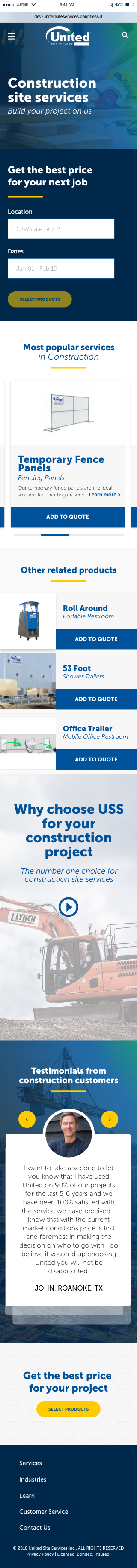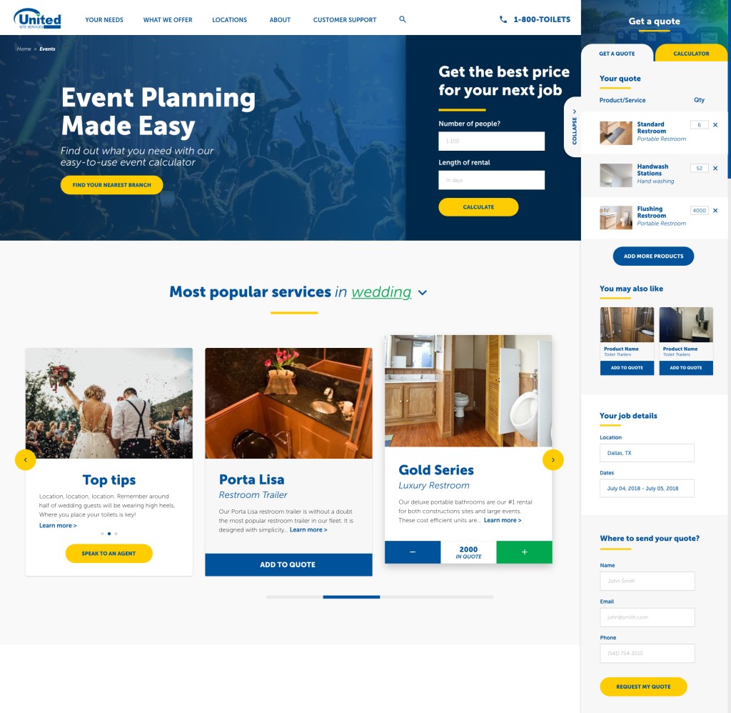 We know users are familiar with an e-commerce websites online so we tried to showcase a familiar e-commerce type of experience so users felt like they were shopping and knew exactly what they were requesting a quote for.
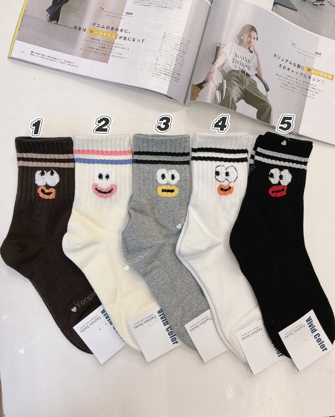 韓國製造~大眼睛口紅嘴巴 二分之一襪
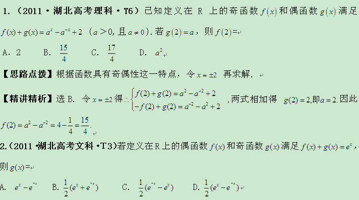 金榜2011高考真题分类汇编:考点4函数的单调性及最值、函数的奇偶性与周期性(大纲版地区)
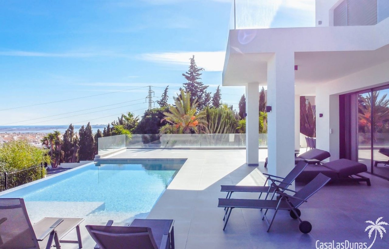 Moderne und luxuriöse Neubauvilla mit wunderschönem Meerblick in Ciudad Quesada und nur wenige Gehminuten von verschiedenen Einrichtungen wie Geschäften, Restaurants, Fitnessstudio usw. entfernt. Die Villa besteht aus 5 Schlafzimmern, 4 Badezimmern, einem Wohnzimmer, einem separaten Fernsehzimmer und einer offenen Küche. Für mögliche Gäste gibt es auch ein separates Apartment mit 2 Schlafzimmern. Darüber hinaus verfügt das Haus über einen beheizten Infinity-Pool, den Sie sowohl im Winter als auch im Sommer genießen können. Die Villa wird komplett möbliert verkauft. Wenn Sie an diesem Projekt interessiert sind und weitere Informationen wünschen, zögern Sie nicht, uns zu kontaktieren.
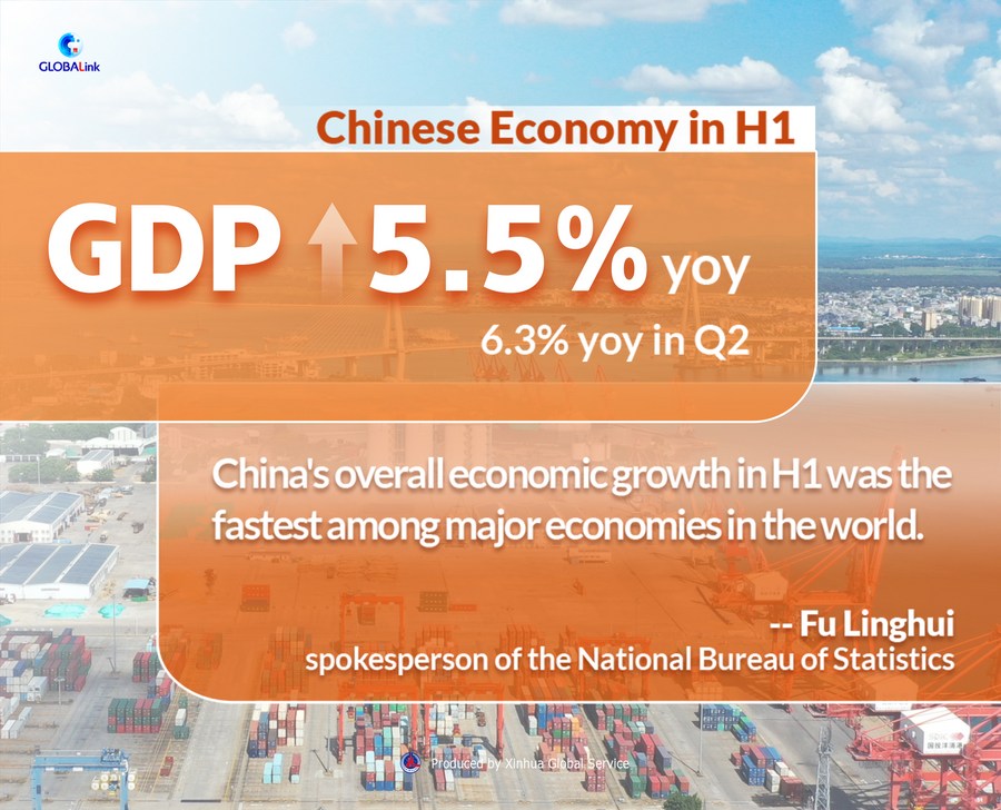 BEIJING, July 17 (Xinhua) -- China's gross domestic product (GDP) grew 5.5 percent year on year in the first half (H1) of 2023, data from the National Bureau of Statistics (NBS) showed Monday.

Your objective: Your answer should contain only the lines from the beginning of the listing above through the line with "金榜2011高考真题分类汇编", copied exactly and without the pictures.

Task result:
 We know users are familiar with an e-commerce websites online so we tried to showcase a familiar e-commerce type of experience so users felt like they were shopping and knew exactly what they were requesting a quote for.
 韓國製造~大眼睛口紅嘴巴 二分之一襪
 金榜2011高考真题分类汇编:考点4函数的单调性及最值、函数的奇偶性与周期性(大纲版地区)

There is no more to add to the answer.